# Check Switch problem?



## deweybrunner (Feb 8, 2004)

Is anyone having a check switch problem? AM after the down load at 3 am I have lost some signal and screen comes up with CHECK DISH, it always checks ok, then it tells me to wait for a download for guide data. when finished i have lost my guide data for local digitals. Maybe this is a bug. Am waiting for engineering at dish to call me back.The next morning it starts all over again.


----------



## Neal (Apr 11, 2005)

It happens to me just about every day. I found that if I disable the Updates at 3 am, it doesn't happen every morning. But now I find that it happens about once a day in a random fashion. My wife was understanding at first, but she is growing tired of loosing shows because the timers won't fire when it is in this state. This bug is really beginning to be a big pain. I tried swapping the satellite feeds on the back of the PVR, but it didn't help. I'm wondering if it is tied to the signal strength. This weekend I'm thinking about trying to readjust my dish to maximize my signal strength.


----------



## deweybrunner (Feb 8, 2004)

Neal, I called dish hd tec who told me my strengths were plenty. I have a strength of 84-85 on 110, and 101-104 on 119. When i do a check switch both come in strong and advance together to 130. By the way how do you disable the updates? I might try that.. Maybe the engineer, that they promised would call, will come thru. thanks


----------



## Mark Lamutt (Mar 24, 2002)

dewey - what's your lnb/switch setup?


----------



## jsanders (Jan 21, 2004)

Is the legacy switch/lnb bug a priority to get fixed soon? 

I hate to admit it, but I am considering the switch to the 942 myself, just to have some piece of mind. However, I have legacy lnbs, and two legacy sw21s, so I figure I am going to suffer from this unless I upgrade to dishPro stuff.

Any thoughts Mark??


----------



## Mark Lamutt (Mar 24, 2002)

The next version has a fix for it.


----------



## deweybrunner (Feb 8, 2004)

Thanks, is 223 the next version or a later update? thanks, this is driving me crazy. Engineering has been gonna call me for five days and yet to hear from any one. I do not want to exchange if an update will correct.


----------



## Moridin (Mar 22, 2005)

I have 223 and I have this problem, so the fix must be in a later release.


----------



## Mark Lamutt (Mar 24, 2002)

The fix will be in the whatver the next version beyond L223 is called. Probably it'll be L224. Possibly L230. Potentially L300...you never know these days...


----------



## Neal (Apr 11, 2005)

deweybrunner - I'm at work and I don't have the TV in front of me now, but if you go to the menu, and then select preferences, there should be a menu called Updates. This is when the Guide gets updated and by default it is set for 3 am.

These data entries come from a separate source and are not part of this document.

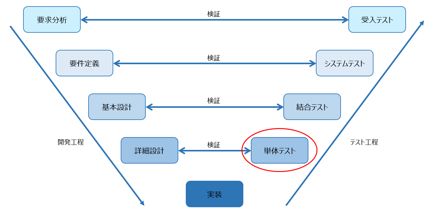 単体テストは、システム開発全体の中では実装の次のフェーズになり、テスト工程としては最初のフェーズで、詳細設計と対となる位置にいます。
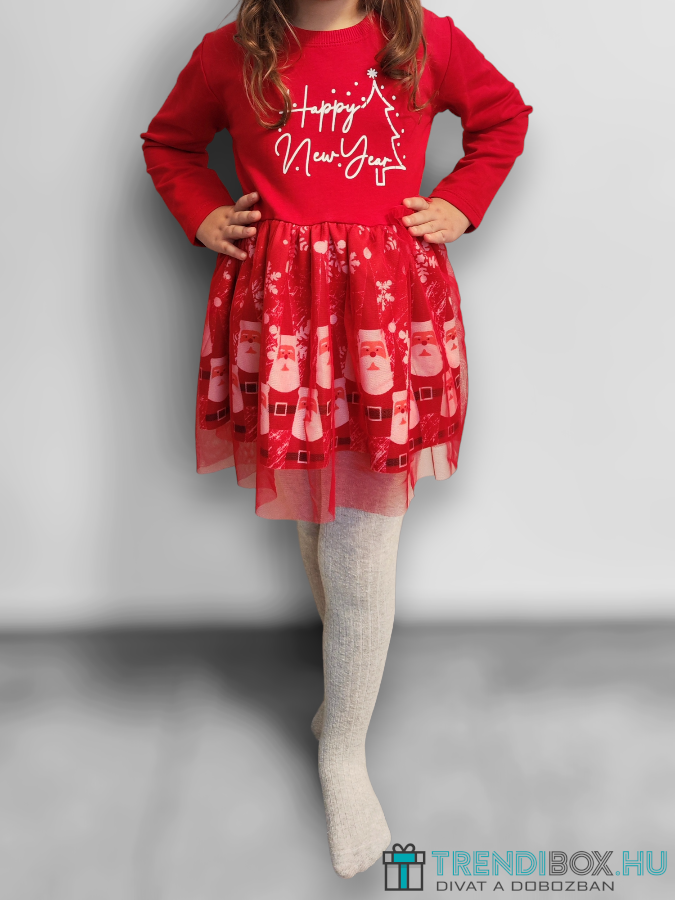95% pamut 5% elasztán Enyhén melegített, mégis elegáns piros kisruha kétrétegű szoknyával. Tüllös felső réteggel, az alsó szoknya szivacsos anyagú, mikulás mintával díszítve. Igazi kényelmes téli viselet ünnepi hangulatban.
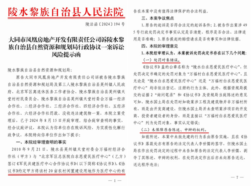 案件于2024年8月15日正式开庭审理。2024年9月23日,陵水县法院正式向该县自然资源和规划局(被告)发送了陵法函〔2024〕194号《大同市凤凰房地产开发有限责任公司诉陵水黎族自治县自然资源和规划行政协议一案诉讼风险提示函》。
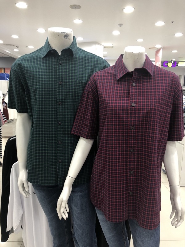 유니) 스몰 체크 반팔 셔츠
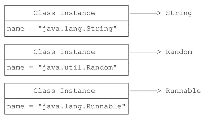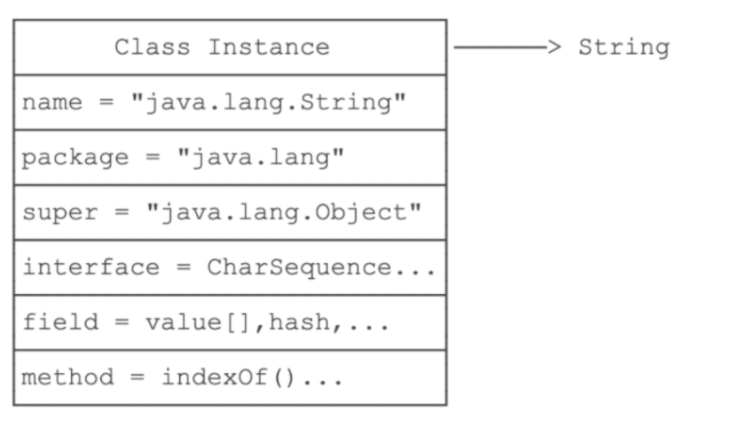 我之前画了一个类与Class对应关系图我这里搬过来讲一讲,下图是String类和Class对象的对应关系,可以看出每个类对应的Class Instance中保存着这个类的相关信息。String类不是实例,它是一个class,只是可以用一个Class的实例来描述。
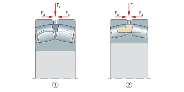 圓柱孔基本設(shè)計(jì)調(diào)心滾子軸承 Fr=徑向載荷 Fa=軸向載荷 ①內(nèi)圈無中心肋調(diào)心滾子軸承 ②內(nèi)圈帶剛性中心肋的調(diào)心滾子軸承 | ![]() |
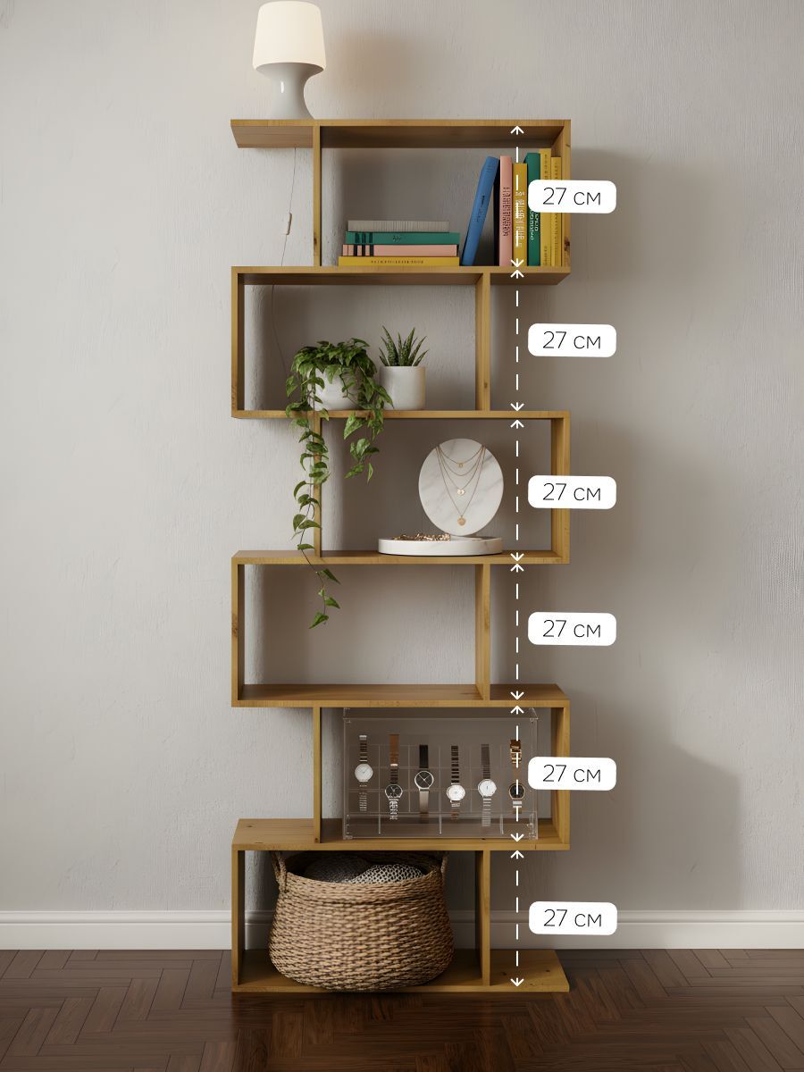 - Компактные размеры — высота 174 см, ширина 72 см, глубина 24 см, с расстоянием между полками 27 см.
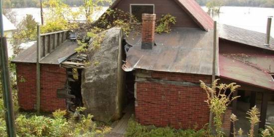 Viskonsino valstijoje (JAV) stovi unikalus pastatas, kurio aplankyti kasmet užsuka dešimtys tūkstančių turistų. Šis turistiniu objektu paverstas gyvenamasis namas vadinamas "Rock in the House" ("Akmuo name"). Į jį pataikiusio ir miegamajame sustojusio 55 tonų akmens niekas nebejudino – jis taip čia ir slūgso nuo 1995 m. Neįtikėtina, tačiau LYGIAI Į TĄ PAČIĄ VIETĄ riedulys atrieda nebe pirmą kartą. Pasirodo, 1901 m. irgi į miegamąjį atlėkė ir ten miegojusią namo šeimininkę užmušė kitas milžiniškas akmuo.
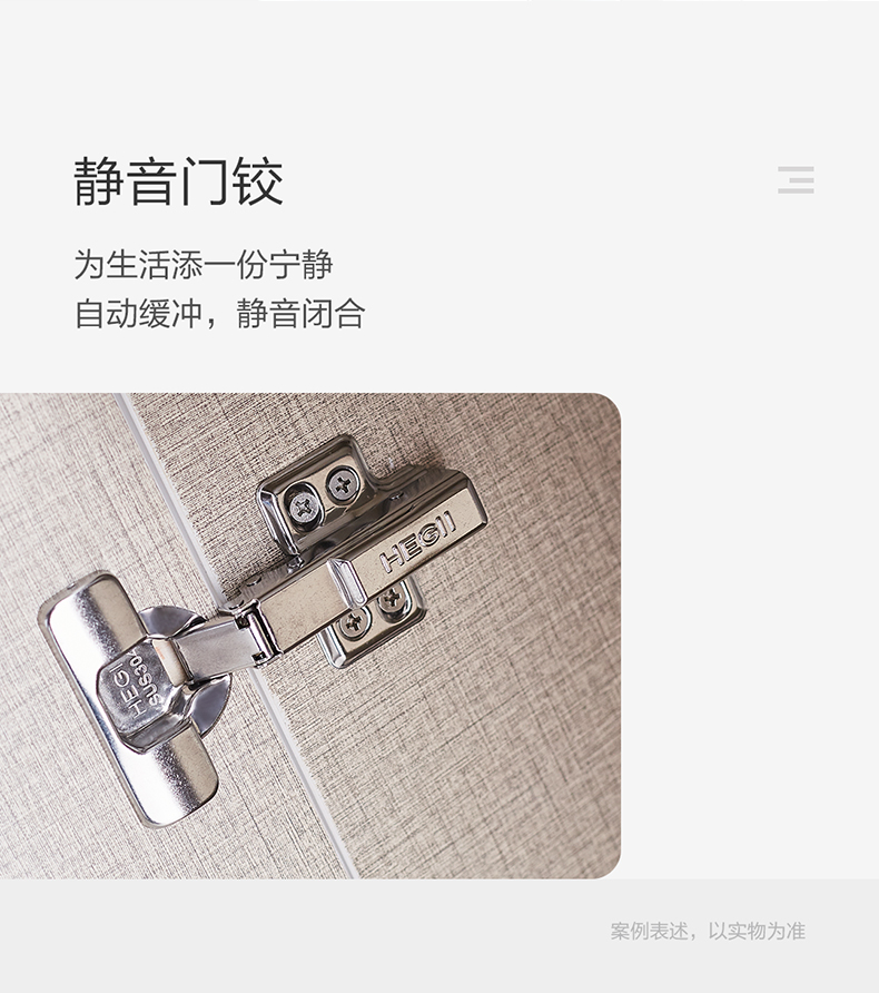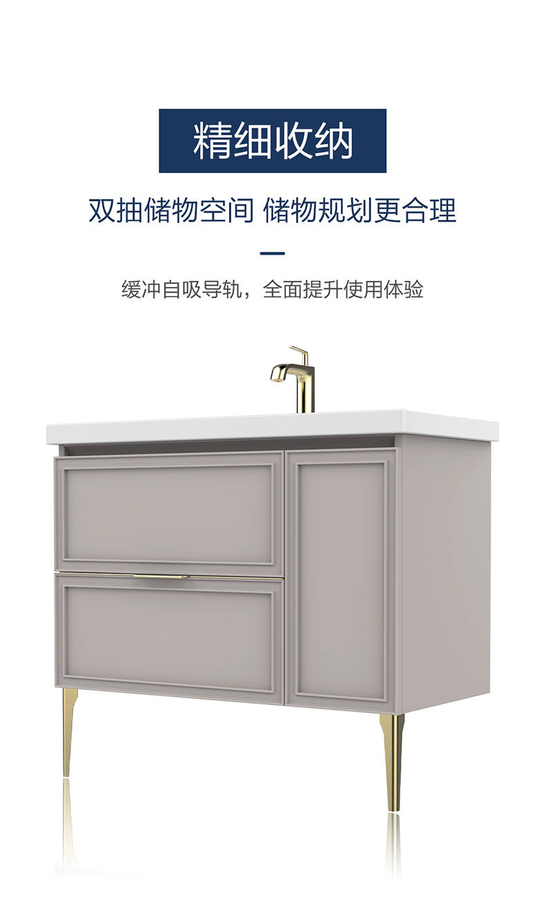 大容量储物空间:双抽搭配开门设计,储物规划更合理;缓冲自吸导轨,全面提升使用体验;
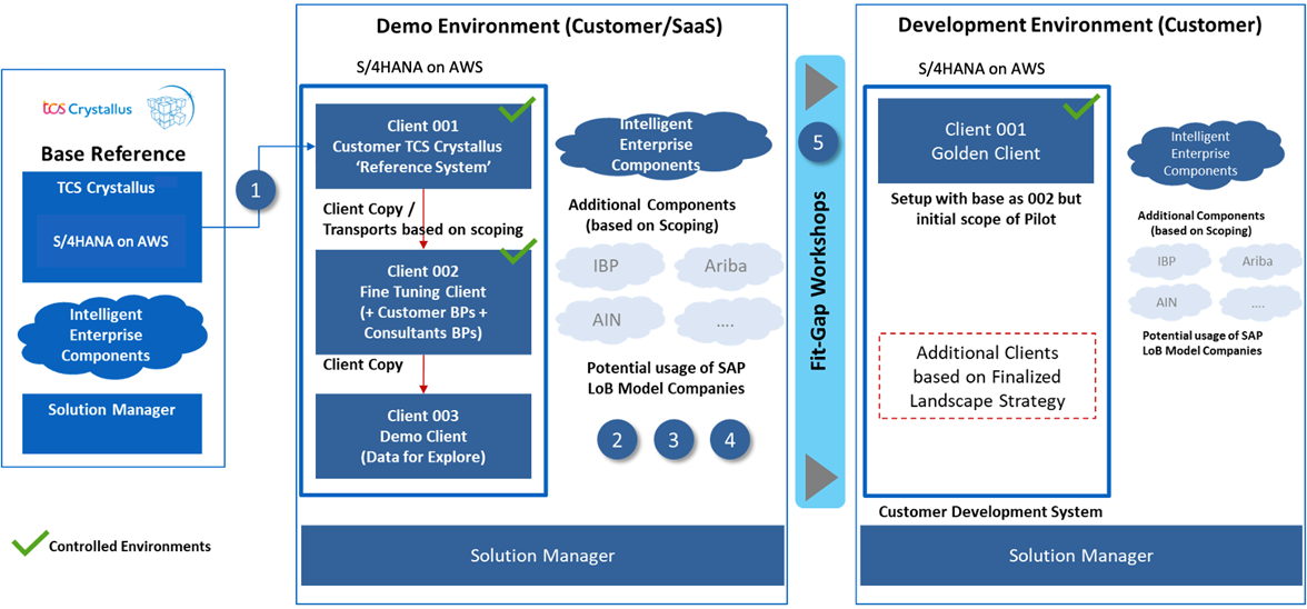 Below are the steps which transition TCS Crystallus S/4HANA from a base reference system to a customer’s SAP production landscape:
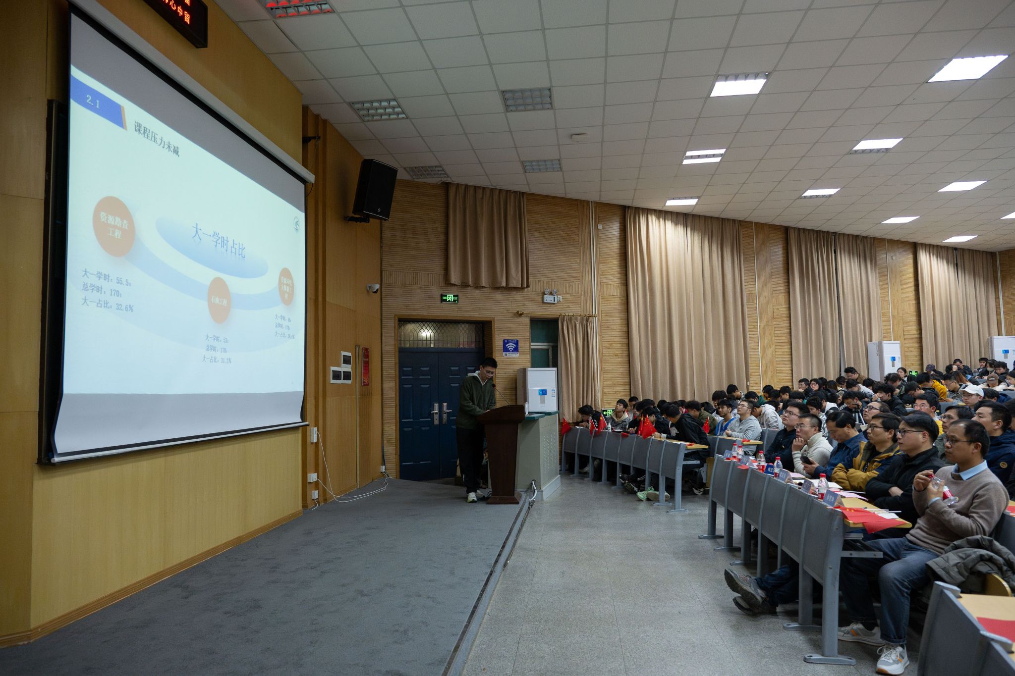 23级年级工作组学习专员邹世博同学和22级学习委员代表陈嘉好同学分别做两个年级的第一学期、第三学期学情分析。
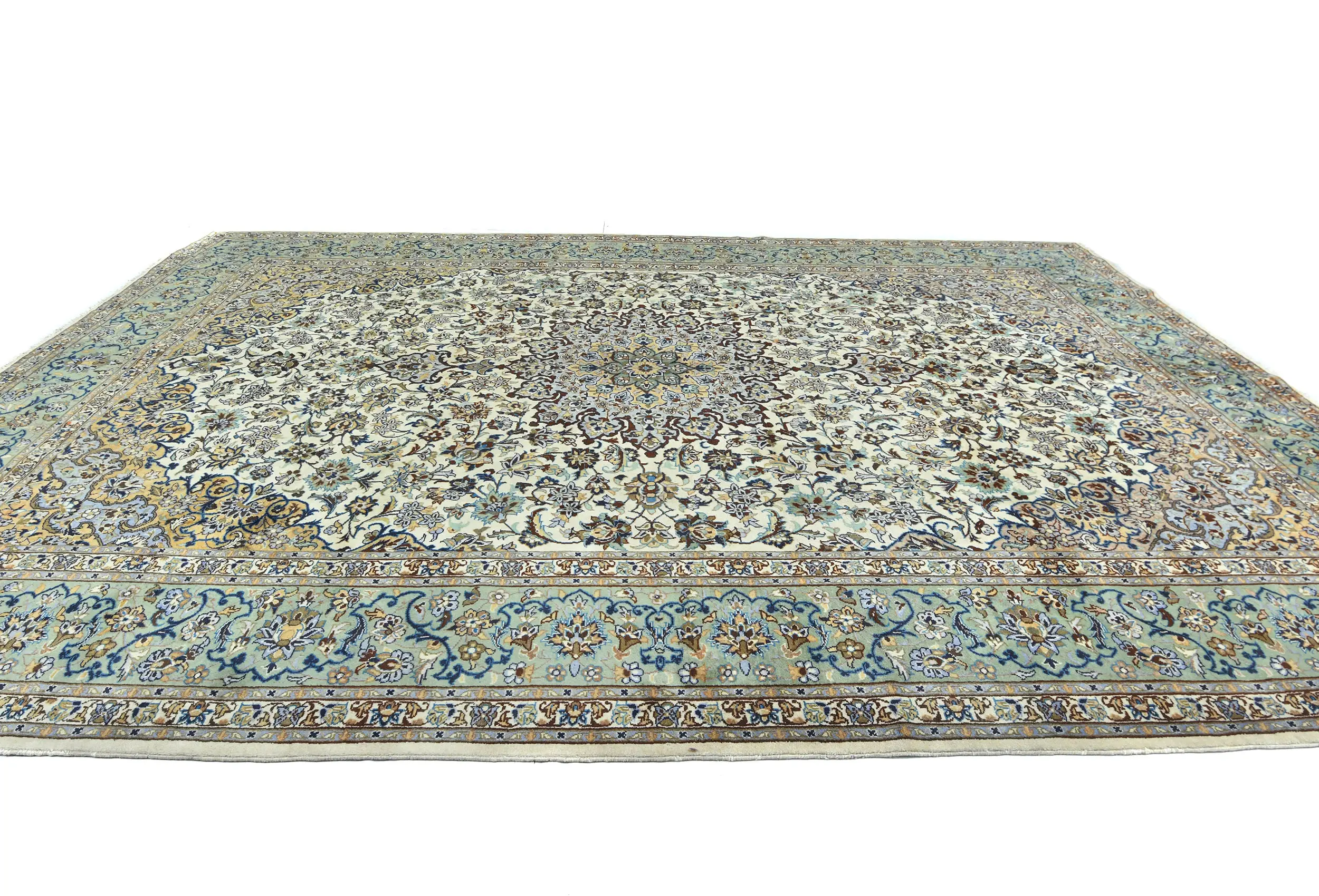 Handmade vintage 11'5 X 16'6 Cream Persian rug made with vegetable dyes (fine wool pile and cotton foundation), superior knot count, and appealing ancient designs. This Oriental rug never will go out of style and would be among your most valuable treasures.
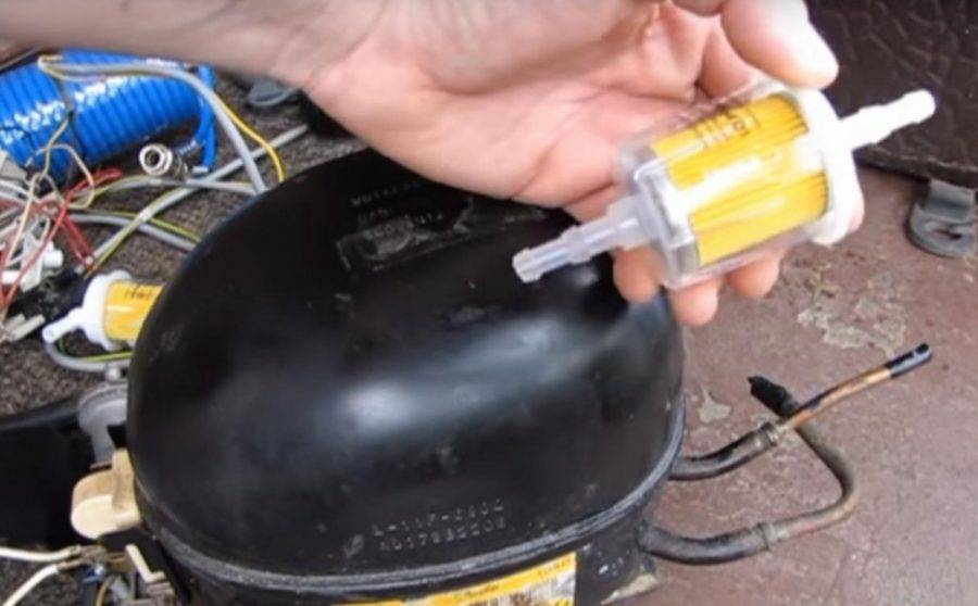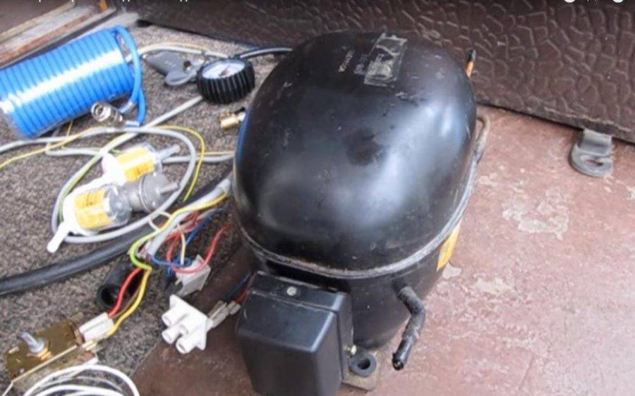 - Компрессор, установленный в холодильнике, снабжается специальным пусковым реле, а также подключенным термостатом. При сборке установки для подкачки эти элементы не нужны, поэтому их следует заранее отключить, не забыв отметить контакты, на реле пуска замкнув их с помощью отрезка провода (обязательно заизолировать).
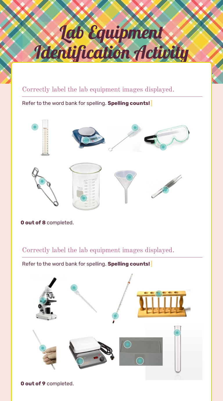 Lab Equipment Identification Worksheets. 36 items! - Amped ... Lab Equipment Identification Worksheets. 36 items! Lab Equipment Identification Worksheets. 36 items! $3.00) (No reviews yet) Write a Review Bulk Pricing: Buy in bulk and save Bulk discount rates ×. Below are the available bulk discount rates for each individual item when you purchase a certain amount ...
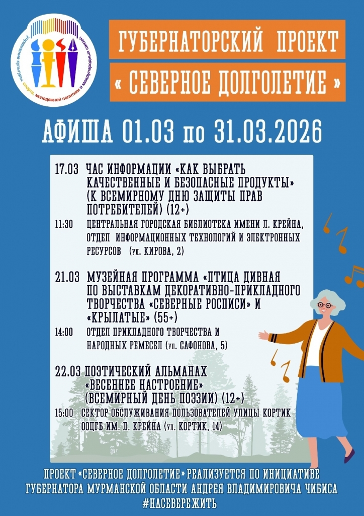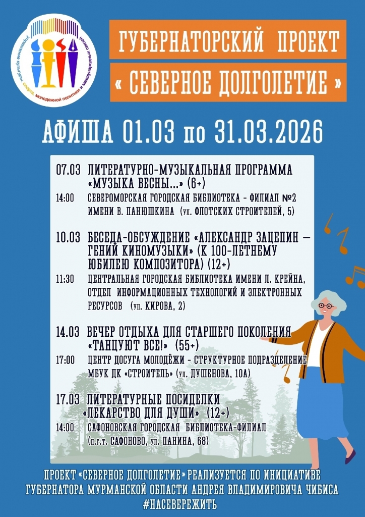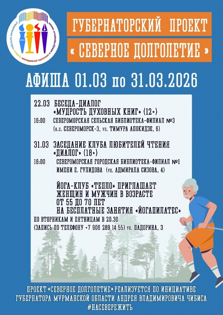 Мероприятия по трудоустройству и обучению, спорту и активности, культуре и досугу, волонтерству и наставничеству, компьютерной и цифровой грамотности, медицине и социальной поддержке: в Мурманской области продолжается реализация губернаторского проекта «Северное долголетие».
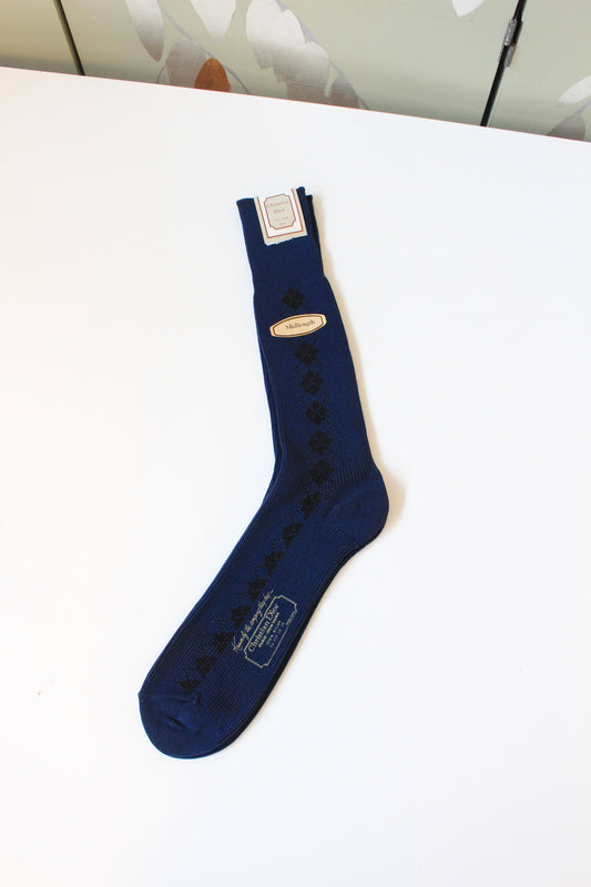 80s/90s Deadstock Christian Dior Blue Argyle Nylon Socks, Size 10-13, Multiples

mark - Do you have any feeling for when the next release will be coming out? I realize that you are not in the position to guarantee any dates, but do you have a feeling? Days? Weeks? Months? I'm getting tired of sleeping on the couch for ruining my wife's TV habits.


----------



## Mark Lamutt (Mar 24, 2002)

Ouch Neal!

I'm hoping for next week. Not based on anything except for my hope. I do know that we're trying to get the future timer bug fixed for the next release, and I provided some data on that this morning that I'm hoping shows the trigger event which would then allow a fix to follow. Shouldn't be too much longer...the legacy problem fix is in testing now.


----------



## Neal (Apr 11, 2005)

Thanks Mark. I realized that there would be problems with the early releases and I have no regrets so far. But my wife ...... So far this is the only bug that I have seen. I love the 942!


----------



## joebird (Sep 15, 2003)

Does this problem happen with an SW64?


----------



## Mark Lamutt (Mar 24, 2002)

It happens with legacy LNBs, so yeah.


----------



## markn455 (Jan 17, 2004)

jsanders said:


> Is the legacy switch/lnb bug a priority to get fixed soon?
> 
> I hate to admit it, but I am considering the switch to the 942 myself, just to have some piece of mind. However, I have legacy lnbs, and two legacy sw21s, so I figure I am going to suffer from this unless I upgrade to dishPro stuff.
> 
> Any thoughts Mark??


I am having problems with the SW64. I have changed out the switch and powersupply. Check switch always comes up good. However, when I turn to numerous channels such as 9422, I get the aquiring signal screen. The screen goes through the 5 steps and nothing. Other times, it works perfectly.


----------



## markn455 (Jan 17, 2004)

joebird said:


> Does this problem happen with an SW64?


Yes it does.


----------



## deweybrunner (Feb 8, 2004)

After a week of day and night working and observing, I will know in the morning what my beliefs are. I am turning off the 3am download tonight. I believe this triggers my problems. I have a dish 500 with twin lnb's with no switches. I don't even know what a legacy is which some say causes similar problems. This is what I have been doing every morning:
1. Turning on tv i get locals. I scroll down to espn hd. There is no signal on any satellite stations.
2. It tells me to do a check switch. I do. I notice as no. 1 and 2. advance. to 38. However, 119 lags behind 110 by 5-6 numbers(they are supposed to advance together)
3. Then all signals, local and satellite signals are reduced sinifically. Local nbc which should be a strength of 100, is now in the low 60's. Satellite programs become blotchy and come and go, giving an indication of low reception.
4. I then do a receiver switch re-boot. After that all signals are restored, guide information is all there and all numbers advance together on the check switch. The 942 works great til the next morning, when i will then have to do this all over. I truly believe the 3 am reboots trigger this loss of signals. I have turned off the re-boot and will see if i am correct.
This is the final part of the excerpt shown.